第2話 ルポライター狸

 ウキウキとした気持ちで家を出ると、面倒くさい奴に出会ってしまった。ルポライターのアルベルト狸山まみやまだ。こいつはうちの一族についてあること無い事書いては雑誌に売っているライターだ。「タヌキ実話」とか、「どうぶつ芸能」なんていう、なんというか、わりと下世話な雑誌によく記事を書いている。先日も「丹沢の水利権を牛耳る謎のツキノワグマ一族の闇!」とかいうタイトルで、おれ達の一族の事をある事ない事書いていやがった。しかし、不思議とオヤジは嫌っていなくて「このくらいなら、逆に宣伝になる」と鷹揚に構えている。


 「クロイの坊ちゃん、お出かけですかいな。」

 「ああ、ちょっとそこまで、散歩にでも行こうかと思ってね。」

 「散歩にしてはえらい大荷物ですなあ、なんや旅行でもいかはるん?」

 「ええ、実はクロイさんのお父さんの温泉に招待されたんですよ!」


 クマイは良い奴だが、こいつはバカがつくくらい正直だ。このまま行くと、なんだか面倒くさい事になりそうだと思っていると、事態は想像よりもどんどん悪い方向へ進んでいった。


 「なんや面白そうでええなぁ…、うらやましいわ。」

 「クロイさん、よかったら狸山さんも誘ったらどうですか?」

 「え? ああ、でもオヤジがなんというかな。」


 最悪だ。せっかくの静養が下世話なルポライターのタヌキと一緒ではたまらない。根ほり葉ほり聞かれて、話題になりそうなところだけ切り取られて記事にされたらと思うと冷や汗が出る。なんとか断る口実を探そうとしているうちに、狸野郎は携帯を取り出すと何やら電話していた。
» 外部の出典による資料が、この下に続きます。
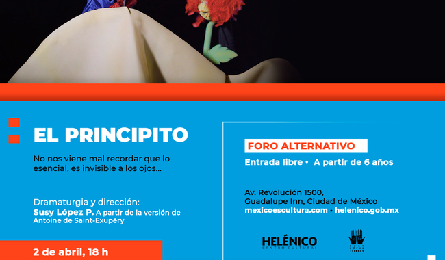 El martes 2 de abril no viene a mal recordar que “lo esencial, es visible a los ojos”, a través de la obra El Principito, con adaptación de Susy López P, a partir de la versión de Antoine de Saint-Exupéry, la cual tendrá función en el Foro Alternativo del Centro Cultural Helénico, el próximo martes a las 18:00 h, con entrada libre, como parte de Martes de títeres y objetos. Cupo limitado a 60 personas. Accesos al público en la taquilla, a partir de las 17:30 horas.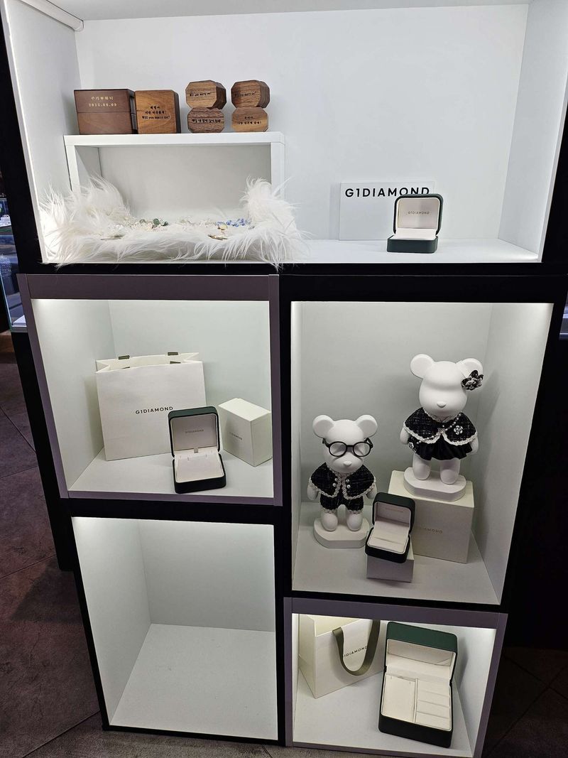 3월 웨딩촬영 전에 결혼반지 맞춰야 해서 종로로 향한 우리 부부! 종로에서 유명하다는 효성주얼리시티! 두 곳을 봤는데 그 중 하나가 G1 이었다!! 예약을 하고 가서 그런지 바로 안내를 받았다 깔끔하고 고급져보이는 매장, 그리고 귀여운 인테리어 당떨어지지말라고 셋팅해놓은 사탕들까지~ 다 좋았다! 여러 개의 반지를 다 착용하다보면 머리 속이 정리가 안될 때가 있는데, 내가 원하는 반지스타일과 구성, 다이아몬드 1부, 3부 등 원하는 것을 처음에 물어보시고 이쪽에서 반지 보세요라고 내가 봐야 할 구역을 알려주신다 반지 껴보겠다고 가르켜서 착용 후 마음에 드는 반지를 여러개 골라서 이상형월드컵같이 비교해서 선택했더니 비교적 고르기 수월했다!! 이사님께서 친절하게 설명해주시고 예상한 가격대보다 많은 할인혜택에 다른 곳 가봤지만 너무 만족해서 계약해서 좋았다. 나는 신랑신부측 어머니 진주귀찌, 브로치, 목걸이는 다 안하고 할인을 받았다! 웨딩반지 졸업해서 행복!!! 디자인 : 추천♥ 여러 스타일의 웨딩밴드가 있었습니다. 심플, 유니크함 품질 : 추천♥ 품질마다 다르겠지만, 보증서를 토대로 국내,해외 기준을 설명 들었고, 품질이 좋습니다 서비스 : 추천♥ 제가 직접 예약한 곳이지만, 바로 예약하고 가서 기다림없어 좋았고, 원하는 스타일, 다이아몬드 크기 등을 얘기해주면 니즈에 맞게 제품을 추천해주시고 착용해보고 비교 하고 결정할 수 있어서 좋았고, 직원분이 친절하시고 설명을 잘해주셔서 이해가 잘 되었습니다 결론적으로 신랑신부 둘 다 만족하는 웨딩반지 맞춰서 빨리 받아보고 싶네요!!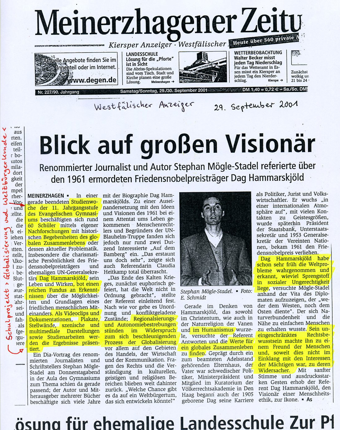 Links: Bericht von Projektwoche Weltbürgerkunde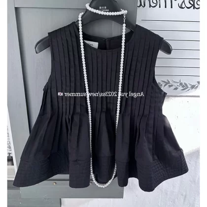| nameOriginal | 2024 new summer Korean version sleeveless sweet pleated shirt simple and versatile temperament age-reducing vest top for women trendy |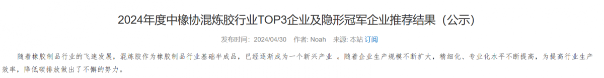 2024年度混煉膠行業(yè)“TOP3”與“隱形冠軍”企業(yè)公示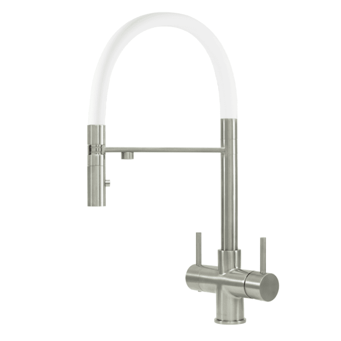 Aquila 2 Lever Mixer And Cold Filter Tap Brushed Steel/White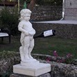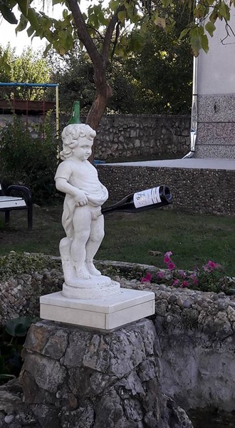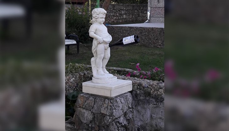 Неизвестни вандали са поставили бутилка от вино върху красивата статуя, разположена в средата на площадката.

 「ええ、はいはい、そうなんですわー。せっかくですから、ワテも同行させてもらえたら最高ですわぁ。そうですか、えらいおおきに。」


 おれが逡巡しているうちに、この狸はオヤジに電話して勝手に話をまとめてしまった。おれの携帯にオヤジからのものと思われるLINE通知が来るが、読む気にもなれない。


 「坊ちゃん!お父さんがぜひ一緒に、て言うてくれましたわ!」

 

 殴ってやろうかと思ったが、今となっては万事休すだ。しかもクマイは無邪気に喜んでいる。


 「みんなで行った方が、楽しいかもしれませんねぇ!」

 「そ…そうだな。人数が多い方が楽しいもんな…。」


 ここであからさまに不機嫌になるのも大人げない。なんだかなぁ、という気持ちを抱えつつ、俺は気持ちを切り替えて温泉に向かうことにした。そのとき、クマイがまた何やら思い付きを口にした。